◆ Required work:
The records below must be transcribed exactly, with each picture left out.

[Entries taken from a collection]
=== Section Start ===

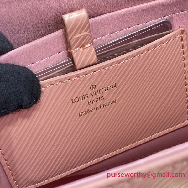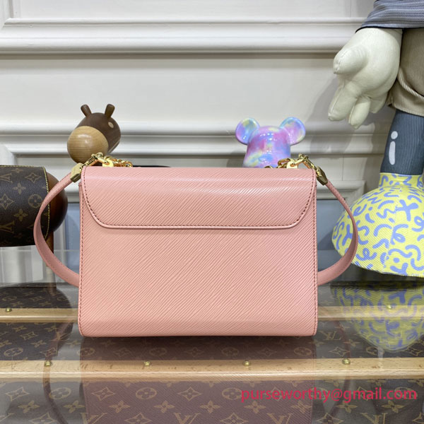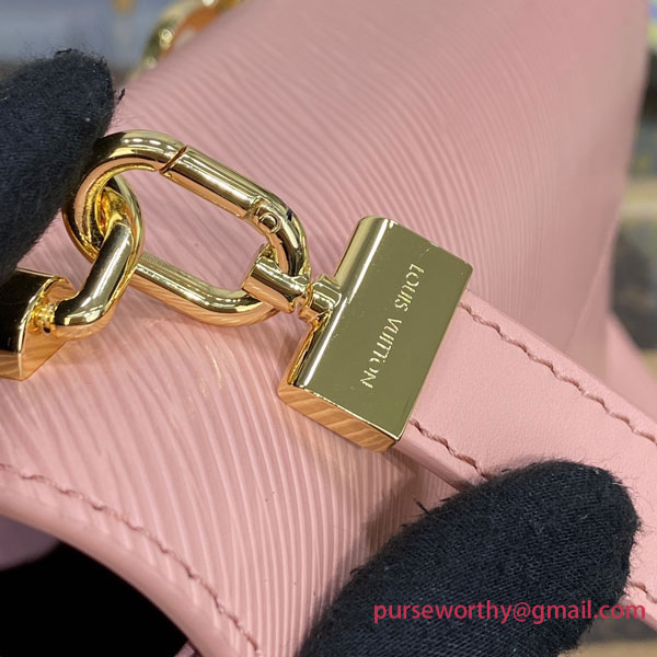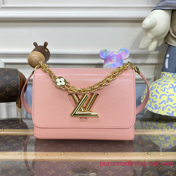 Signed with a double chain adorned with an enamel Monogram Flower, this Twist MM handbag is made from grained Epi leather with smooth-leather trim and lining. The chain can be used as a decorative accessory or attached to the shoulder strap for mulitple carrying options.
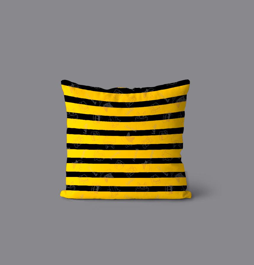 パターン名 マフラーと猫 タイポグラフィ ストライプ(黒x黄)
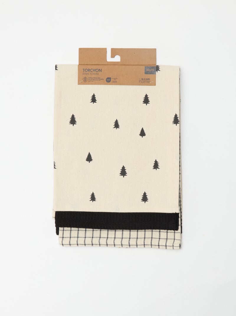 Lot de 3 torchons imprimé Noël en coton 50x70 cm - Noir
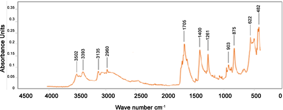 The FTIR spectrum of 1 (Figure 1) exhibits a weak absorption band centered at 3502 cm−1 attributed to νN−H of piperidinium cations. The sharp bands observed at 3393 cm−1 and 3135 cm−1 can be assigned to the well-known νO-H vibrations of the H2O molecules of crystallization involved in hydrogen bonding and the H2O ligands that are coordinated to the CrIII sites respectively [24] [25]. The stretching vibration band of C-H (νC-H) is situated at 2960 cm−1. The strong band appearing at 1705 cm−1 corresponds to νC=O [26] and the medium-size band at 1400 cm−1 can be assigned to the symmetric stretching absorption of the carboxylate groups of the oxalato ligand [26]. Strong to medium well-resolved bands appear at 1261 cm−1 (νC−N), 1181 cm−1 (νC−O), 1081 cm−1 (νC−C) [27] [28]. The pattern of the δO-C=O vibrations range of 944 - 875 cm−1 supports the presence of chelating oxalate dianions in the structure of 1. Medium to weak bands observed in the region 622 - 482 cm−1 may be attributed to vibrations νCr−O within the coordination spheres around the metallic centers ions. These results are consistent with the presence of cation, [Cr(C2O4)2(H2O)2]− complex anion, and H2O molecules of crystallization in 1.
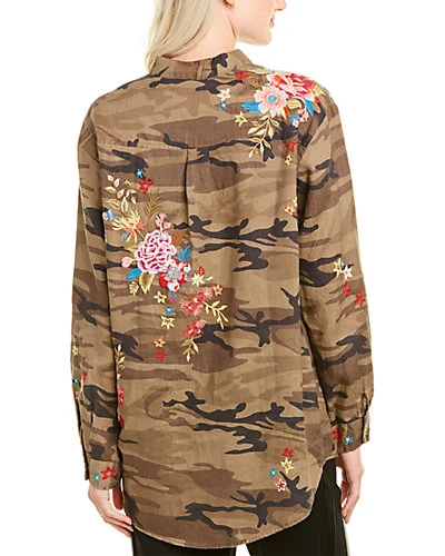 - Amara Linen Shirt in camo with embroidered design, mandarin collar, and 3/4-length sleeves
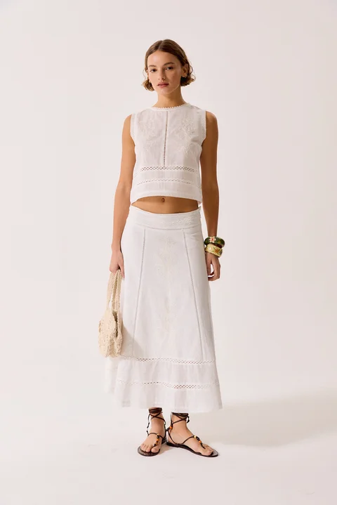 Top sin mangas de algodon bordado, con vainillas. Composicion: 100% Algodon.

=== Section End ===

◆ Written answer:
 Signed with a double chain adorned with an enamel Monogram Flower, this Twist MM handbag is made from grained Epi leather with smooth-leather trim and lining. The chain can be used as a decorative accessory or attached to the shoulder strap for mulitple carrying options.
 パターン名 マフラーと猫 タイポグラフィ ストライプ(黒x黄)
 Lot de 3 torchons imprimé Noël en coton 50x70 cm - Noir
 The FTIR spectrum of 1 (Figure 1) exhibits a weak absorption band centered at 3502 cm−1 attributed to νN−H of piperidinium cations. The sharp bands observed at 3393 cm−1 and 3135 cm−1 can be assigned to the well-known νO-H vibrations of the H2O molecules of crystallization involved in hydrogen bonding and the H2O ligands that are coordinated to the CrIII sites respectively [24] [25]. The stretching vibration band of C-H (νC-H) is situated at 2960 cm−1. The strong band appearing at 1705 cm−1 corresponds to νC=O [26] and the medium-size band at 1400 cm−1 can be assigned to the symmetric stretching absorption of the carboxylate groups of the oxalato ligand [26]. Strong to medium well-resolved bands appear at 1261 cm−1 (νC−N), 1181 cm−1 (νC−O), 1081 cm−1 (νC−C) [27] [28]. The pattern of the δO-C=O vibrations range of 944 - 875 cm−1 supports the presence of chelating oxalate dianions in the structure of 1. Medium to weak bands observed in the region 622 - 482 cm−1 may be attributed to vibrations νCr−O within the coordination spheres around the metallic centers ions. These results are consistent with the presence of cation, [Cr(C2O4)2(H2O)2]− complex anion, and H2O molecules of crystallization in 1.
 - Amara Linen Shirt in camo with embroidered design, mandarin collar, and 3/4-length sleeves
 Top sin mangas de algodon bordado, con vainillas. Composicion: 100% Algodon.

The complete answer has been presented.